Another comment on "big grid."

Any time you go for very high availability, it costs. Big grid delivers that availability, an availability that is absolutely critical. Because it is geographically disbursed, it achieves more redundancy that microgrids or smaller grids. It does cost to build the power lines, but it doesn't cost much to use them unless you actually need the power that they transmit, and the fact that they do move a lot of energy suggests that they really are needed.

Small nuclear reactors are really the equivalent of building small fossil plants, minus the CO2 emissions. We already have those all over the place, and yet we still need the long transmission lines.

If we want to engineer a much smaller grid to have the same reliability, what we save in long-line costs would probably be offset by the spending for in a higher degree of required redundancy.

Comment Re:You would need (Score 1) 210

I agree on modular nukes.

The problem with all of this is twofold:
    -cost - electricity is the fuel of our civilization. Raise the cost and you hurt people, and hurt the economy
    -reliability ("grid stability") - we require highly reliable electricity

On wind/solar:

If you do the math, you'll see that batteries just aren't going to cut it, and I have little hope for dramatic breakthroughs - the trend has been more incremental than dramatic, and at a fairly slow rate. Batteries are just too expensive to do anything other than cushion minor load/generation shifts.

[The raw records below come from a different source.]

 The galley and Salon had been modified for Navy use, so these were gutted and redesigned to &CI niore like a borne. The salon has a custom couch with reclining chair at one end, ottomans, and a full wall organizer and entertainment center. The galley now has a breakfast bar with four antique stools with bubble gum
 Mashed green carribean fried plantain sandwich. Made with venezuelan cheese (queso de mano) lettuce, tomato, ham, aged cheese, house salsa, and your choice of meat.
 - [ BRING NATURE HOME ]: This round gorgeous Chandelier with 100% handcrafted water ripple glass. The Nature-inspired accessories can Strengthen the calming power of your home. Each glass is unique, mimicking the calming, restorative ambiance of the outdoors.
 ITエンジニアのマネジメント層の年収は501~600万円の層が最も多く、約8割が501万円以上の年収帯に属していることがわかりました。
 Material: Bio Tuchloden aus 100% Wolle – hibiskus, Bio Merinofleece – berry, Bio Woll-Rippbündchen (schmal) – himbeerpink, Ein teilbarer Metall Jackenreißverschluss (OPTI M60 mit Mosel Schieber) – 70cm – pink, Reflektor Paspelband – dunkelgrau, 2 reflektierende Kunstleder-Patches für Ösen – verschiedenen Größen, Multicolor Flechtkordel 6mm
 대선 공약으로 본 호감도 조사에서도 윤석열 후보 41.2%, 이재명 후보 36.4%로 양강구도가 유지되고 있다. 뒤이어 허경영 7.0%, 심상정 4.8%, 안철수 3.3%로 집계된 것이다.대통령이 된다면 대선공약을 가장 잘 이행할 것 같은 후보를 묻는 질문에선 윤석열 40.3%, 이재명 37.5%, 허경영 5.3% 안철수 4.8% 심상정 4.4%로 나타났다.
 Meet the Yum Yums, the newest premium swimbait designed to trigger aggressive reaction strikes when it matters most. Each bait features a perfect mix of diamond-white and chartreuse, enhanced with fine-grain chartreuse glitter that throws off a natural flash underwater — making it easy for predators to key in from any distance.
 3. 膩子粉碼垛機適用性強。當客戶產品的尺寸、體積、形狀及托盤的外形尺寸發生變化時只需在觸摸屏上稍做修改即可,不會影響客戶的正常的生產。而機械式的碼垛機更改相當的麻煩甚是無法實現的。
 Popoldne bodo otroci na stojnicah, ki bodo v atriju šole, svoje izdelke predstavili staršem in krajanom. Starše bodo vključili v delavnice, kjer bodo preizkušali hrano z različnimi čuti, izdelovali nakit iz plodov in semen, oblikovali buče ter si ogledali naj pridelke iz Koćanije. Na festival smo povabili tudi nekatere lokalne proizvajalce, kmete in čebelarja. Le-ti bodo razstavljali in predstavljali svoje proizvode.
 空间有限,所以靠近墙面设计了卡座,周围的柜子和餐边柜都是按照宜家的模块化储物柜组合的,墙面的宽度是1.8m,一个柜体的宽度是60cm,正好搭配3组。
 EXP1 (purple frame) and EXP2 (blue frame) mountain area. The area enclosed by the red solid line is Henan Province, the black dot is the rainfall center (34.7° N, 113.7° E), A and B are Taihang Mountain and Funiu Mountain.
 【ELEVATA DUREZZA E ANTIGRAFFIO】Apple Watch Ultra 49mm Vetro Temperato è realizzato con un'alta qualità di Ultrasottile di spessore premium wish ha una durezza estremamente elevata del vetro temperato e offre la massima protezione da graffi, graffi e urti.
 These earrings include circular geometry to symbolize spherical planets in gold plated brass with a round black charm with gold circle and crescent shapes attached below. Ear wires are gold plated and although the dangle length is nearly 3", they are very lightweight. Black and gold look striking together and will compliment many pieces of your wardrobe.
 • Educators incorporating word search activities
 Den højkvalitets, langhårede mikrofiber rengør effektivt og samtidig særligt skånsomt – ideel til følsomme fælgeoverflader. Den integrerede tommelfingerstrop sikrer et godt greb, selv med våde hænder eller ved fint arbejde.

Other methods of storage don't seem to be going anywhere, and there has to be a reason other than big bad power companies (and I'm no fan of regulated power companies, *except* that their grid stability (reliability) is an incredible achievement upon which our civilization depends). One nation in Europe is building, at high costs, pumped hydro, by excavating a deep underground reservoir to put the water into. Again, if you don't mind the cost, things like that work.

There are "obvious" storage technologies: batteries, compressed air, hydrogen, pumped hydro. That they are achieving almost no success, other than for bragging, says that those technologies are just too expensive. If you are willing to spend enough money, you can make pretty much anything work
  But, if you want to not raise our power costs too high, then nothing works except, maybe, nuclear after first coasting along on CCGT natural gas.

What we see today is wind and solar starting to destabilize the grid. This happens due to a combination of their intermittency, and their low incremental cost (only when generating) that drives down the capacity factor of the more reliable power plants, causing them to be permanently shut down. It isn't that wind and solar are cheap (other than their fuel costs), it is that the true costs are being born by the grid, invisibly. As long as the penetration is low, this isn't a huge problem. But add more wind and solar and grid stability becomes a huge problem, which translates into a lot more cost.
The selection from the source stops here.